Both U.S. Xpress and Covenant Transport may try to force you to come to Chattanooga for light duty work, even if you live hundreds of miles away. They generally provide motel accommodations and van service to take employees to medical providers. Can you refuse? Yes.
Can I be fired for making a workers’ compensation claim?
You can be fired at will in Tennessee or Georgia, except for reasons prohibited under state or Federal law, such as race, color, sex, national origin, age or disability. In theory, Tennessee recognizes a cause of action for retaliatory discharge for making a workers’ compensation claim, but as a practical matter such cases are very difficult to prove. An employer can almost always find a pretense for firing an employee, such as being late for work or for violating a safety rule, etc. However, there are financial incentives that usually discourage responsible employers from firing employees after an injury on the job, as discussed above.
Can I obtain unemployment benefits after being injured on-the-job? Generally you cannot collect both unemployment benefits and disability benefits under workers’ compensation. You must be ready, willing and able to work to qualify for unemployment benefits. If there is a dispute over your injury on the job, or if the workers’ compensation benefits are delayed for some reason, and you are able to do light duty work, you can apply for unemployment benefits to help you get by, as long as you are careful to state on the application that you are willing to work within your restrictions.
Can I collect Social Security disability benefits (SSDI) for a work injury?
If the injury is serious enough to cause disability lasting at least 12 months, you may be able to obtain Social Security disability benefits. Social Security pays approximately 80% of your pre-disability average income. Workers’ compensation benefits are typically only two-thirds of your average income. However, Social Security takes a credit or offset for the worker’s compensation benefits, so you can not obtain a combined benefit from Social Security and workers’ compensation in excess of 80% of your pre-disability income. Qualifying for SSDI also makes you eligible for Medicare. We generally advise our clients to apply for SSDI in serious injury cases, and then if the claim is denied, we can file an appeal for you.

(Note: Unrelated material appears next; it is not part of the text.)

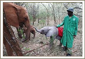 The presence of a newcomer in the Nursery (Ngasha rescued on the 30th September, did not escape the notice of Mutara, Turkwel, Sities and Tano, who hurried to his stable as soon as they were let out in the morning. Their presence outside his Stockade door reassured him, but he remained aggressive towards the Keepers, understandable in view of what made him an orphan. Little Rukinga has now completed his 5th day in the Nursery, and so far, is doing well. Naipoki is giving him a lot of attention when Mutara divides her time between him and little Kithaka, of whom she is very fond.

If we go to court, will I have to testify in front of a jury?
No. In Tennessee, workers’ compensation cases are tried in front of a Judge or Chancellor, and in Georgia they are tried before a special judge (ALJ) who only hears workers’ compensation cases.
Can the insurance company be held accountable for taking forever on my checks, prescriptions and procedures?
Only to the extent that the laws provide for penalties and/or an award of attorneys’ fees for unreasonable delay or refusal to pay. Such provisions vary from state to state.
Can I sue my employer for pain and suffering?
No. Workers’ compensation is a no-fault system that provides benefits regardless of who caused the injury. Accidents on the job happen for many reasons. Sometimes a co-worker is careless, sometimes the employer furnishes defective equipment or working conditions are unsafe, and sometimes the injured person makes a mistake. Even if you are careless, cause an accident and hurt yourself, you still get workers’ compensation benefits. The trade-off for such a system is that you cannot sue your employer for anything other than workers’ compensation benefits even if the injury was your employers’ fault. If the injury was due to the fault of someone other than you, a co-worker or your employer, however, you may be able to sue for pain and suffering. For instance, if you are in a wreck out on the highway and it was not your fault, you can collect workers’ compensation benefits and still sue the “at fault” driver for pain and suffering and other damages.
In Tennessee, mediated settlements at the Department of Labor are normally paid in 14 days. After other settlements, payment can take anywhere from two to six weeks, or longer in complex cases, and court approval is required. In Georgia, after the settlement papers are prepared, they have to go to the State Board of Workers’ Compensation for approval, and that usually takes two to three weeks. Georgia law requires thesettlement funds to be paid within 20 days after approval by the Board.